Suppose I have to choose been two attributes where one attribute has a subset of 4 Yes/0 No and other attribute has one of the subset as 0Yes/7 No. Now both are pure, so how do we decide which attribute to use for splitting?


#4

@crisis1.08

What you are trying to do is compare between two independent splits which cannot happen under any circumstance. If it is a binary problem, then it Yes and No will always complement each other. It is better to understand with the help of an example.

Suppose initially you had 11 targets with 4 Yes and 7 No. You have two features to split on , namely , feature 1 and feature 2. Let’s work out the cases.

Case 1: Split on feature 1 : 3 yes and 4 No in left node and 1 yes and 3 No in right node.

Inference: This is to say that feature 1 was not able to homogenously split our dataset.

Case 2: Split on feature 2: 4 Yes and 0 No in left node and 0 Yes and 7 No in right node.

Inference: This is to say that feature 2 was successfully able to separate the two classes effectively.

The thing to focus on is that you do not see the Entropy of a single sub-node but the weighted sum of all the sub-nodes of a node in a particular dataset.

And comparing two datasets in this is pointless anyhow.

Hope this made things clear.

Regards
Neeraj


#5

Change your example to :
Case 1: Split on feature 1 : 3 yes and 0 No in left node and 1 yes and 7 No in right node.
Case 2: Split on feature 2 : 4 Yes and 1 No in left node and 0 Yes and 6 No in right node.

and it turns out exactly what my question is.

Both feature 1 and feature 2 provide pure split. So on what basis would we decide which feature to choose for splitting.


#6

@crisis1.08

OK,then the question was not clear in the first part. Now since it is clear, Lets answer your question.
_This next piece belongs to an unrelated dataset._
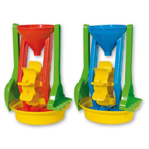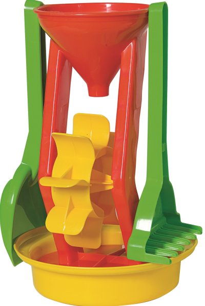 4dílná sada na písek, vyrobená z kvalitních plastů v Itálii. Obsahuje: mlýnek s jedním lopatkovým kolem výšky 25 cm, sítko o průměru 17 cm, lopatku a hrabičky. Sada: výška 26 cm, váha 0,34 kg. Doporučený věk od 12 měsíců. Výrobce, italská firma Androni Giocattoli sídlící nedaleko Milána, se specializuje na výrobu plastových hraček na písek a zahradu a také stavebnic UNICO Plus již od roku 1974. Jejím mottem je heslo: Androni Toys: Kvalita vyrobená v Itálii. Používané plasty jsou pevné, ale zároveň pružné a při běžném hraní nedochází k jejich praskání. Vydrží i větší zátěž a proto jsou výrobky vhodné i do školek, kde téměř denně procházejí zatěžkávací zkouškou.

If you see, then it is somewhat intuitive that the homogenity created by feature 2 is more than feature 1. So feature 2 should provide the best split but lets evaluate it mathematically.

Entropy before splitting

Yes: 4 No: 7

Entropy_before= -[4/11*log (4/11)+7/11*log (7/11)]=0.933

Entropy after splitting

On feature 1

Left Node
Yes: 3 No: 0

Entropy_Left= -[3/3*log(3/3)+ 0/3*log(0/3)]= 0

Right Node
Yes: 1 No: 7

Entropy_Right= -[1/8*log(1/8)+7/8log(7/8)]=0.538

Total_Entropy= left node/(left node+right node) * Entropy_Left +Right node/(Left node+Right node)*Entropy_Right

                    =3/11*0+8/11*0.538=0.391

On feature 2

Left Node
Yes: 4 No: 1

Entropy_Left=-[4/5*log(4/5)+1/5log(1/5)]=0.725

Right Node
Yes: 0 No: 6

Entropy_Right=-[0/6*log(0/6)+6/6*log(6/6)]=0

Total Entropy= 5/11*0.725+6/11*0=0.329

Information gain_feature1= 0.933-0.391= 0.542
Information gain_feature2= 0.933-0.329= 0.604

So it is evident that Feature 2 provides us with a better split compared to Feature1.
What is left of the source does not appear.